June 23, 2020 | In nine months at the latest, the totalitarian surveillance fantasy of the World Economic Forum and the US Homeland Security, called Known Traveller Digital Identity, is to become reality on the Eurostar between London and the continent.
From March 2021 people with an “I’ve got nothing to hide” attitude will be able to get around border and ticket controls at St Pancras International Station in London on their way to the Continent via the Eurostar, All they will have to do is upload a suitable portrait photo and a copy of their identity document to a government server. Then, instead of standing in a queue, they can walk down a camera-tagged “biometric corridor” without having to show a document. The passport and ticket will, however, be needed at the destination, at least until the brave new total surveillance world of the World Economic Forum has been implemented there, too.
The Known Traveller Program, which has been jointly developed by the World Economic Forum and US Homeland Security, initially provides for international air travel in which travellers collect identity data about themselves in a block chain to which only they have access. If they want to cross a border, they may announce their travel plans in advance and release their data. Cameras with facial recognition software automatically recognize them and let them pass the queues at the controls. What London now wants to implement for Eurostar traffic, follows exactly this principle (apart from the blockchain data-ownership folklore of the Known Traveller).

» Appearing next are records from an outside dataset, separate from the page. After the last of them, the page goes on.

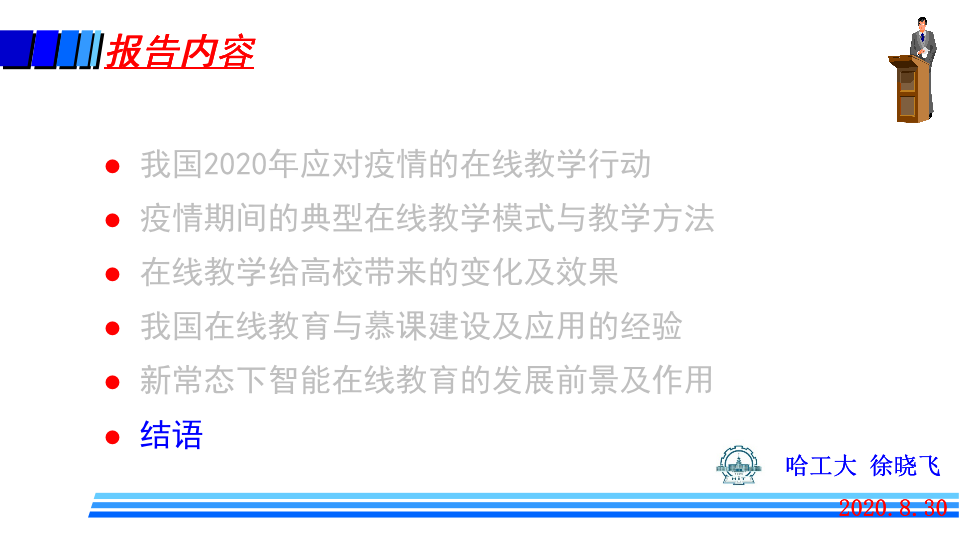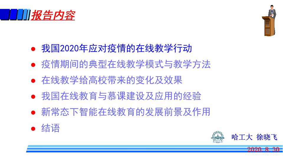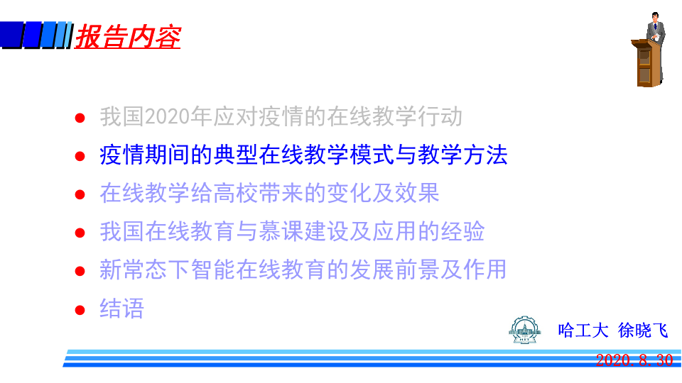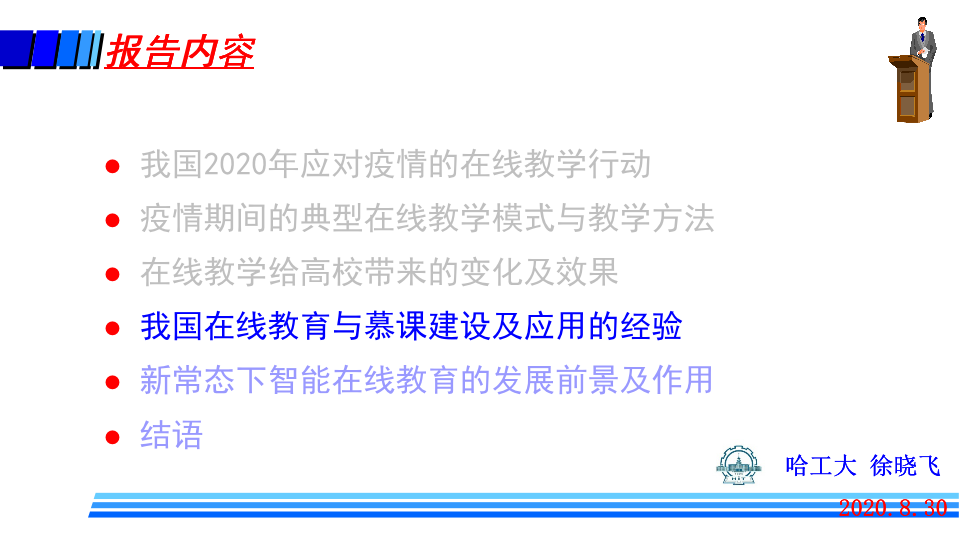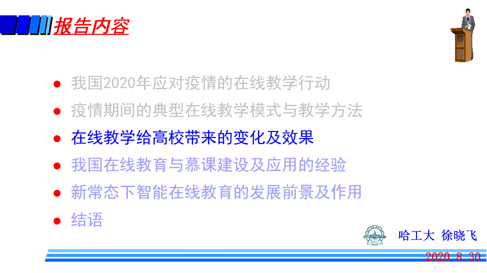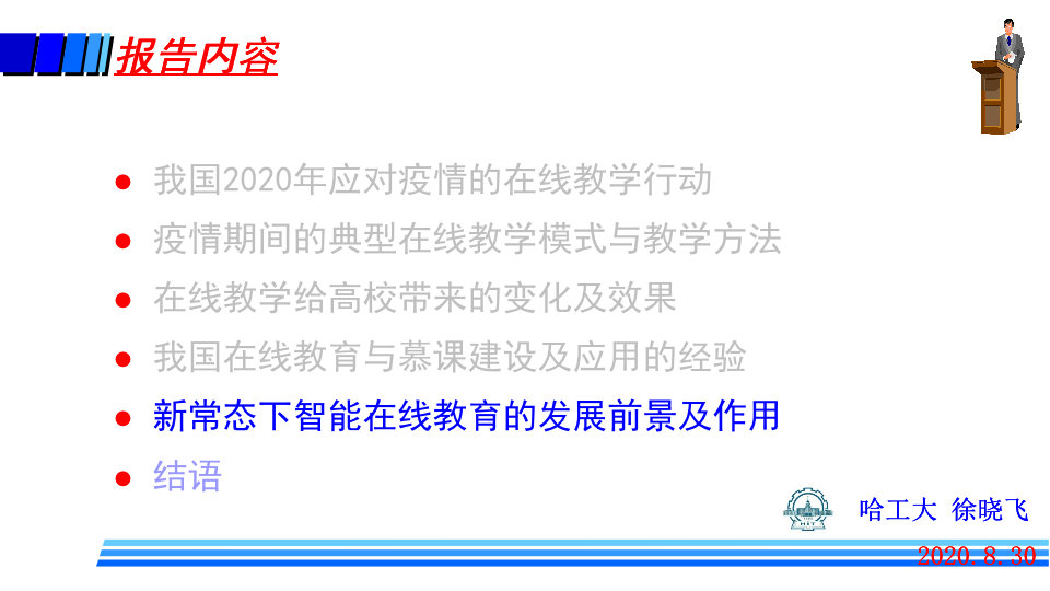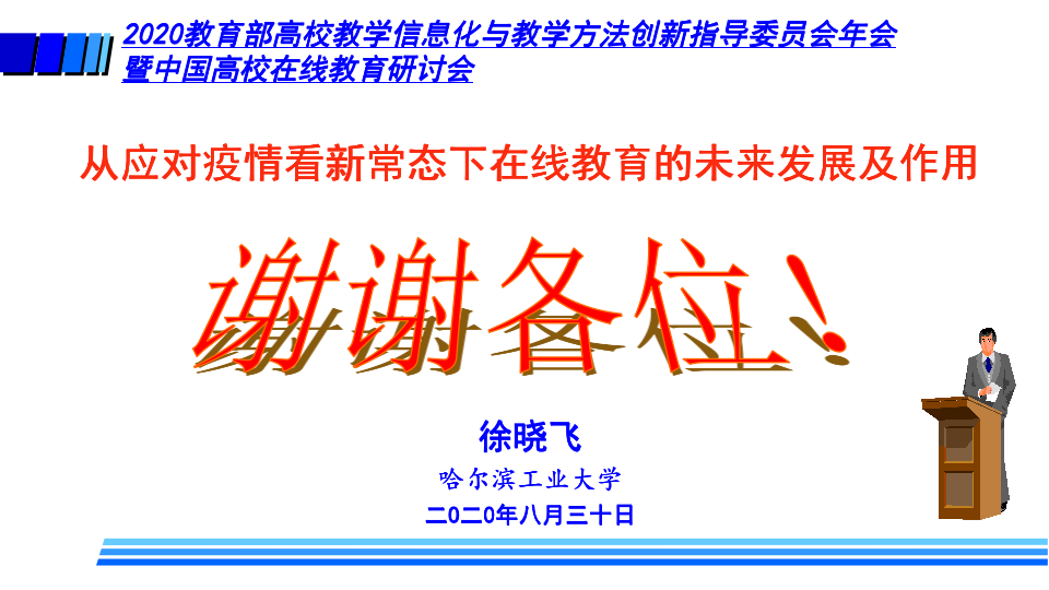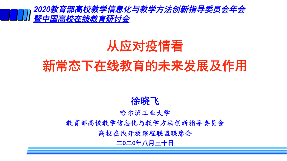 哈尔滨工业大学副校长、哈尔滨工业大学(威海)校长、教指委副主任徐晓飞作题为《从应对疫情看新常态下在线教育的未来发展及作用》的报告。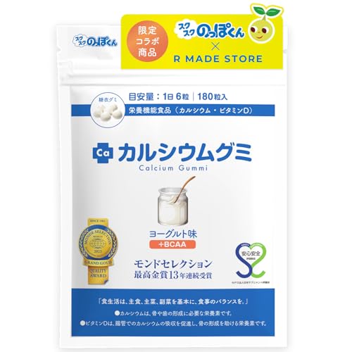 カルシウムグミ「スクスクのっぽくん R」は、子供の成長をサポートするサプリメントです。ビタミンD、亜鉛、アルギニンを配合し、ヨーグルト味で美味しく、1箱30日分。日本製です。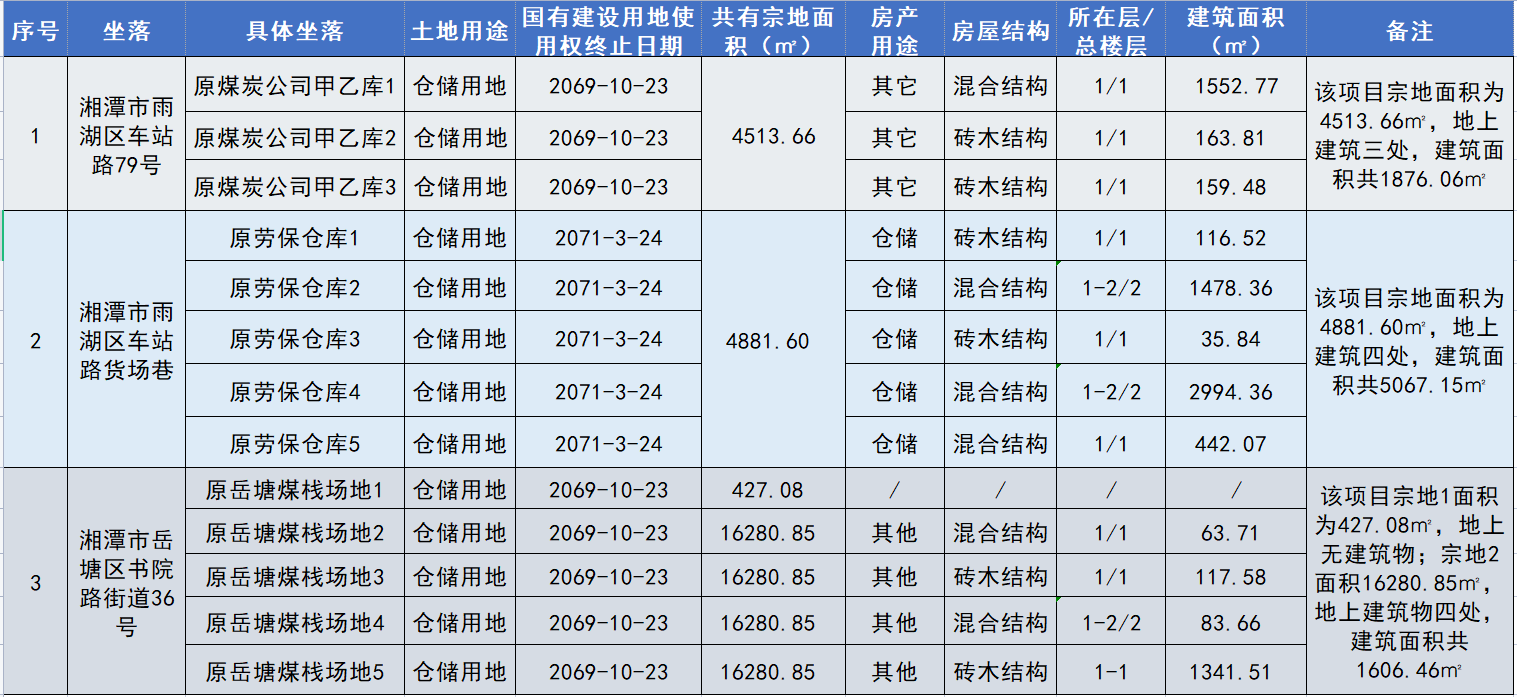 二、項(xiàng)目介紹 項(xiàng)目一:湘潭市雨湖區(qū)車(chē)站路79號(hào)原煤炭公司甲乙?guī)?/strong> 項(xiàng)目位于湘潭市雨湖區(qū)車(chē)站路79號(hào)(廣云路口),地處雨湖區(qū)中心城區(qū),毗鄰湘潭火車(chē)站,位于基建營(yíng)核心商圈,有產(chǎn)權(quán)的房屋面積共1876.06㎡,宗地面積4513.66㎡,工業(yè)倉(cāng)儲(chǔ)用地,國(guó)有出讓性質(zhì)。
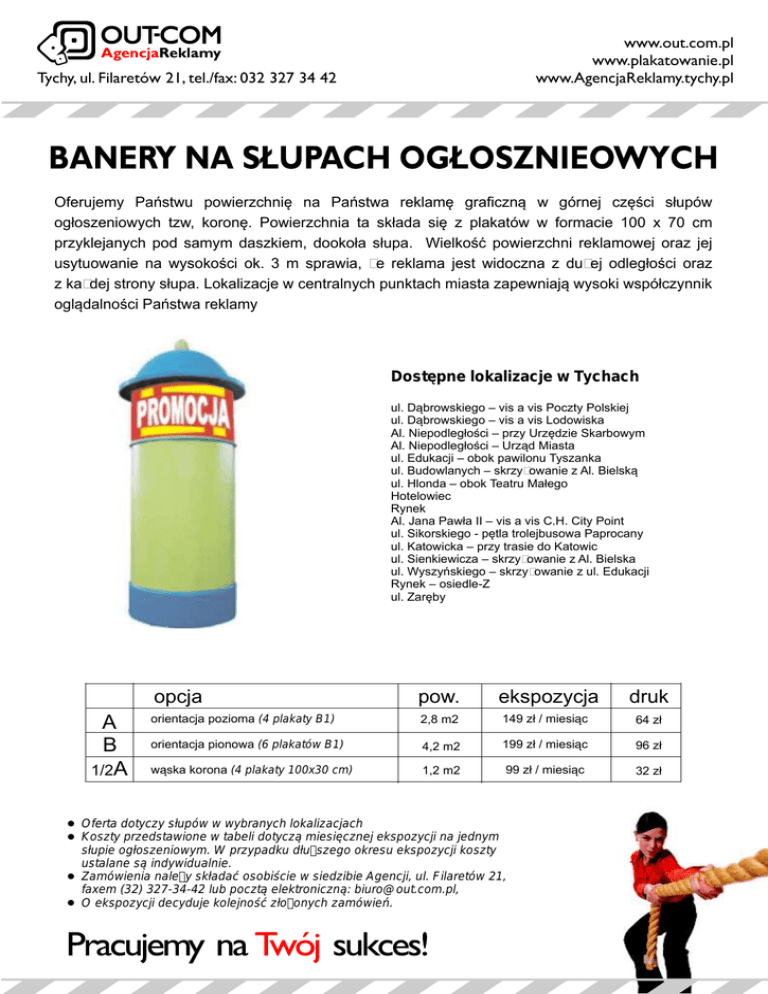 www.out.com.pl www.plakatowanie.pl www.AgencjaReklamy.tychy.pl Tychy, ul. Filaretów 21, tel./fax: 032 327 34 42 Oferujemy Państwu powierzchnię na Państwa reklamę graficzną w górnej części słupów ogłoszeniowych tzw, koronę. Powierzchnia ta składa się z plakatów w formacie 100 x 70 cm przyklejanych pod samym daszkiem, dookoła słupa. Wielkość powierzchni reklamowej oraz jej usytuowanie na wysokości ok. 3 m sprawia, że reklama jest widoczna z dużej odległości oraz z każdej strony słupa. Lokalizacje w centralnych punktach miasta zapewniają wysoki współczynnik oglądalności Państwa reklamy Dostępne lokalizacje w Tychach ul. Dąbrowskiego – vis a vis Poczty Polskiej ul. Dąbrowskiego – vis a vis Lodowiska Al. Niepodległości – przy Urzędzie Skarbowym Al. Niepodległości – Urząd Miasta ul. Edukacji – obok pawilonu Tyszanka ul. Budowlanych – skrzyżowanie z Al. Bielską ul. Hlonda – obok Teatru Małego Hotelowiec Rynek Al. Jana Pawła II – vis a vis C.H. City Point ul. Sikorskiego - pętla trolejbusowa Paprocany ul. Katowicka – przy trasie do Katowic ul. Sienkiewicza – skrzyżowanie z Al. Bielska ul. Wyszyńskiego – skrzyżowanie z ul. Edukacji Rynek – osiedle-Z ul. Zaręby A B 1/2A opcja pow. ekspozycja orientacja pozioma (4 plakaty B1) 2,8 m2 149 zł / miesiąc 64 zł orientacja pionowa (6 plakatów B1) 4,2 m2 199 zł / miesiąc 96 zł wąska korona (4 plakaty 100x30 cm) 1,2 m2 99 zł / miesiąc 32 zł Oferta dotyczy słupów w wybranych lokalizacjach Koszty przedstawione w tabeli dotyczą miesięcznej ekspozycji na jednym słupie ogłoszeniowym. W przypadku dłuższego okresu ekspozycji koszty ustalane są indywidualnie. Zamówienia należy składać osobiście w siedzibie Agencji, ul. Filaretów 21, faxem (32) 327-34-42 lub pocztą elektroniczną: [email protected], O ekspozycji decyduje kolejność złożonych zamówień. druk

London has long been a front runner in the use of pretexts to implement an increasingly complete automated surveillance infrastructure. Great Britain is amoung the countries with the highest density of surveillance cameras in relation to the population. The use of long-range radar to detect speeders created a pretext years ago to record practically all car traffic with cameras with license plate recognition function. Cash is increasingly rarely accepted for parking or toll payment, so that digital surveillance solutions can be fully effective here as well.
The justification given for the Known Traveller solution at Eurostar is that it speeds up boarding, avoids queues and – especially timely – avoids physical contact in order to combat epidemics. The fact that the previous controls were already contactless is deliberately overlooked here.
A Eurostar representative stressed that the program was completely voluntary. The travellers would know that they were being filmed and subjected to facial recognition and could agree to this voluntarily.
The young British IT company iProov is to contribute the facial recognition function. The company promises to be able to reliably determine if someone is holding up a photo or pulling a mask over their face. In order to develop the technology in time, the company is receiving a grant of 388,000 pounds from the government.
Proximity to the intelligence community
A look at the three-member iProov board suggests that there could be more to it than just faster and more convenient travel. In addition to a representative of the private capital company JPJ, the company is supervised by Eddie Alleyn and Angela Sasse.
Alleyn has 25 years’ experience in the UK Foreign and Commonwealth Office, the Ministry of Defence and most recently at the government’s communications centre, HMGCC. According to Wikipedia, its mission is to provide security-related electronics and software for the government’s communications needs. It is closely linked to the Foreign Office and the “intelligence community, the entry says”.
Sasse is head of information security research at University College London and is director of the Research Institute for the Science of Cyber Security, funded by the secret service GCHQ.
One could be forgiven for suspecting that the secret services of the Five-Eye Alliance would secure direct access to the data of the persons scanned and recognized at the entrance of Eurostar and elsewhere by iProov. But only notorious cynics would think that what is marketed as voluntary in the beginning could be made inevitable at some point.
A German version of this Blogpost was published on the same day and translated by the author with help from DeepL.com.